Requirement: Print, from the listing below, the lines starting at the line containing "- Cadillac user" and ending at the line containing "商売内容:薪炭問屋 | 引き札 |", exactly as they stand, and print nothing else.

Provided records:
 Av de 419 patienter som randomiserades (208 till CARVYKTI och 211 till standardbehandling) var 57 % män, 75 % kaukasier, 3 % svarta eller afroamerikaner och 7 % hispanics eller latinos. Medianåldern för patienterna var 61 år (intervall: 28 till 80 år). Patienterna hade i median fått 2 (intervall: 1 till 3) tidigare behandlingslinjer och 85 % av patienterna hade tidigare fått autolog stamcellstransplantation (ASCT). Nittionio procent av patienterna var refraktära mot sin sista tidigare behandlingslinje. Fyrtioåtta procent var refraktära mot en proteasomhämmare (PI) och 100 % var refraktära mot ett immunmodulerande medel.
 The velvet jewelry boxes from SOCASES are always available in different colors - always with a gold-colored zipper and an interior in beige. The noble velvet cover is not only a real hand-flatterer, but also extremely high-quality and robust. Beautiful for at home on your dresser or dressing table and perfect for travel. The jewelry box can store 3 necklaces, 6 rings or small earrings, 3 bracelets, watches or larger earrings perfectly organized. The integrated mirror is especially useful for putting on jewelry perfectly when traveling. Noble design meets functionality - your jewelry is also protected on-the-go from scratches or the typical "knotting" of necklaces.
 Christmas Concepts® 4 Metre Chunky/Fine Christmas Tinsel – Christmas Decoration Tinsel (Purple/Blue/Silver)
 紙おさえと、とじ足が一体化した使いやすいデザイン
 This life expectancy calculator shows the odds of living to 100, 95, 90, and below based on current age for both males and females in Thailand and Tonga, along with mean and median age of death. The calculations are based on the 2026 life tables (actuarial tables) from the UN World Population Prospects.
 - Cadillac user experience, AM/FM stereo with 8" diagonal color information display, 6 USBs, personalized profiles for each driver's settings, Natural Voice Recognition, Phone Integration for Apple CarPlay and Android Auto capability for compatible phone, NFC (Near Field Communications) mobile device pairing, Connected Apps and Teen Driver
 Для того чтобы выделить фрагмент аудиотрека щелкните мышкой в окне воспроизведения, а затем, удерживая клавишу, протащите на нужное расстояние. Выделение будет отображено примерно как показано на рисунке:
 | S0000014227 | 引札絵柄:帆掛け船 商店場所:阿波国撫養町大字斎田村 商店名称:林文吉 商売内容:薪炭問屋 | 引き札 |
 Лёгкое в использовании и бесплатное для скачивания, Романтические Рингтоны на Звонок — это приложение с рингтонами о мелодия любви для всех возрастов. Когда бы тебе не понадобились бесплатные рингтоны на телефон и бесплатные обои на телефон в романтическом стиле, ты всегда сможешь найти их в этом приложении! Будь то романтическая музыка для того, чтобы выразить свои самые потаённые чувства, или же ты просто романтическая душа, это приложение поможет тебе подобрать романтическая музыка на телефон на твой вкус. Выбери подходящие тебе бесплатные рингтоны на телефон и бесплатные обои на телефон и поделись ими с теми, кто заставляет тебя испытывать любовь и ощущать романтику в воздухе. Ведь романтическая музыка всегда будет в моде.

Your solution:
 - Cadillac user experience, AM/FM stereo with 8" diagonal color information display, 6 USBs, personalized profiles for each driver's settings, Natural Voice Recognition, Phone Integration for Apple CarPlay and Android Auto capability for compatible phone, NFC (Near Field Communications) mobile device pairing, Connected Apps and Teen Driver
 Для того чтобы выделить фрагмент аудиотрека щелкните мышкой в окне воспроизведения, а затем, удерживая клавишу, протащите на нужное расстояние. Выделение будет отображено примерно как показано на рисунке:
 | S0000014227 | 引札絵柄:帆掛け船 商店場所:阿波国撫養町大字斎田村 商店名称:林文吉 商売内容:薪炭問屋 | 引き札 |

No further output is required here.